Marriage Fuels Rise in Low-Wage Jobs for South Korean Women | Be Korea-savvy

Marriage Fuels Rise in Low-Wage Jobs for South Korean Women


The proportion of employed South Korean women holding low-skilled manual labor positions more than triples after marriage. (Image courtesy of Yonhap)

The proportion of employed South Korean women holding low-skilled manual labor positions more than triples after marriage. (Image courtesy of Yonhap)

SEJONG, Jun. 4 (Korea Bizwire) – The proportion of employed South Korean women holding low-skilled manual labor positions more than triples after marriage, highlighting how career interruptions for childbirth and child-rearing contribute to a deterioration in job quality, experts say. 

According to microdata from Statistics Korea’s Economically Active Population Survey, there were 2,079,000 women in elementary manual labor jobs like packaging, transport and cleaning as of April, up 125,000 or 6.4% from a year earlier. 

Over the same period, the number of men in such roles declined by 79,000 or 3.9%. With women driving the increase, their presence in elementary labor surpassed that of men at 1,966,000 in April.

The share of employed women in elementary labor roles rose from 15.7% to 16.3%, while for men it fell from 12.8% to 12.3%, despite substantial growth in female employment overall – raising concerns over stagnating job quality improvements. 

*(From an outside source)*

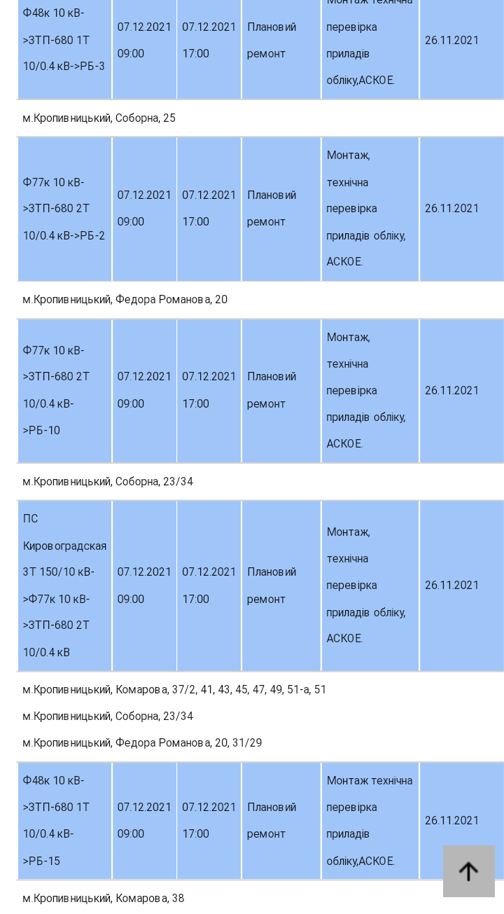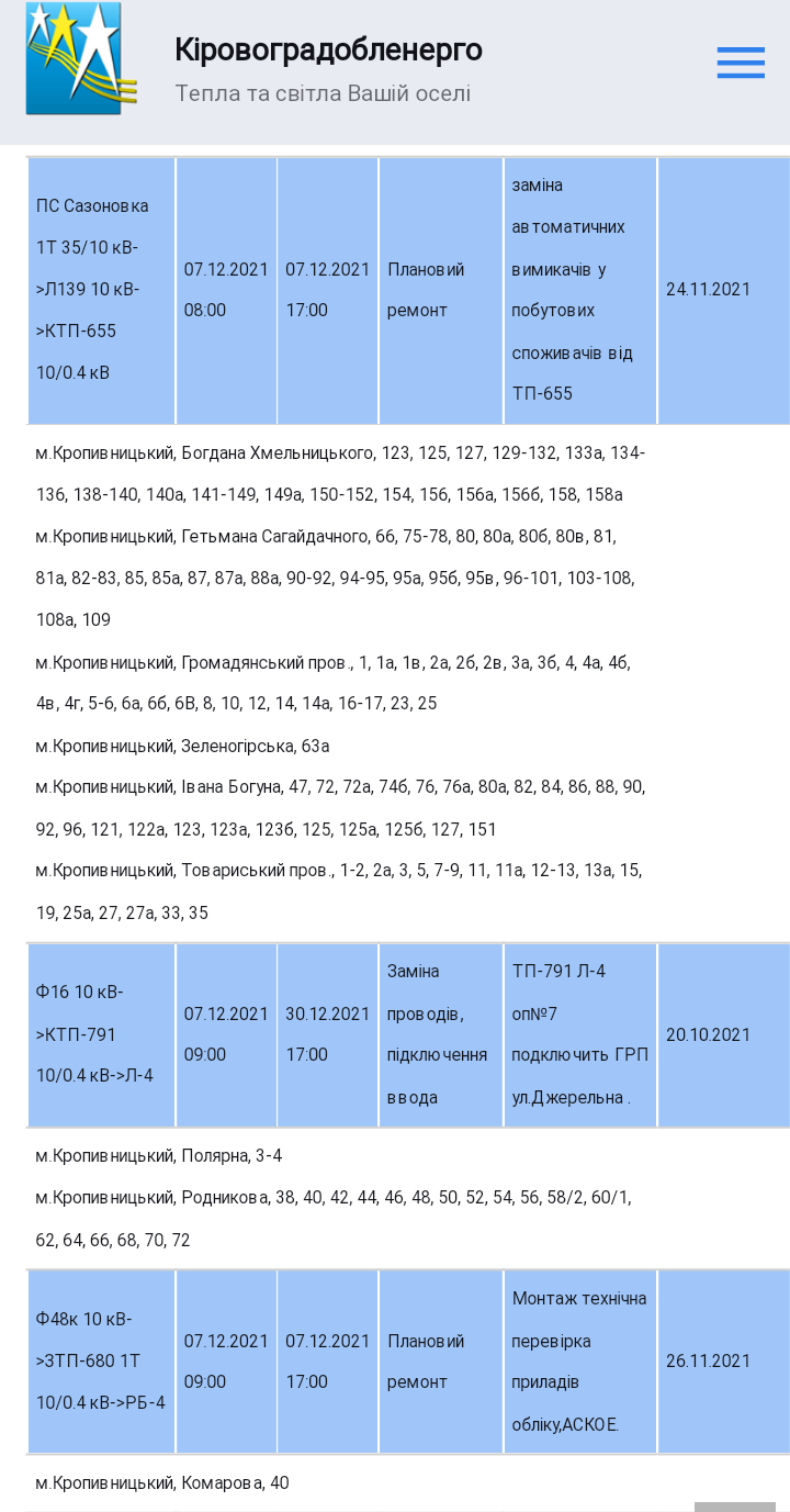 Сьогодні, 7 грудня, чимало вулиць Кропивницького можуть залишитися без світла через плановий ремонт.

The divergence was particularly stark between unmarried and married women. Elementary labor accounted for 16.6% of employed married women at 1,239,000, over three times the 4.9% rate for unmarried women.

In contrast, the proportion of married men in elementary labor was lower at 11.1% compared to 12.5% for unmarried men. 

Among unmarried women in elementary labor, 60.8% were temporary or day workers, while only 0.6% were non-wage workers like self-employed or unpaid family staff. Married women also skewed toward temporary roles at 54.9% but had higher non-wage worker representation at 6.6%.

For unmarried women, manufacturing (29.3%) and accommodation/foodservices (22.9%) dominated elementary labor industries. Married women were more dispersed across manufacturing (16.7%), facility management services (14.5%), health/social services (14.5%) and accommodation/foodservices (13.3%).

The government attributes married women’s concentration in elementary labor partly to surging demand for health and social service jobs amid rising care needs.

However, experts cite career interruptions – where women leave jobs for pregnancy, childbirth and childcare, then re-enter the workforce in lower-quality roles – as a key underlying factor.

The increase in married women in elementary labor has coincided with rising economic activity among those with career gaps, facilitated by lower entry barriers to platform work and care service roles.

“When re-employed, women with career interruptions tend to take lower-quality jobs. Even former regular workers often end up in unstable manual labor,” said Park Eun-jung, an associate research fellow at the Korea Institute of Child Care and Education.

The government is formulating plans to improve social mobility, including boosting female economic participation. Last month’s initial measures included expanded support for re-employment of career-interrupted women such as extended paternity leave.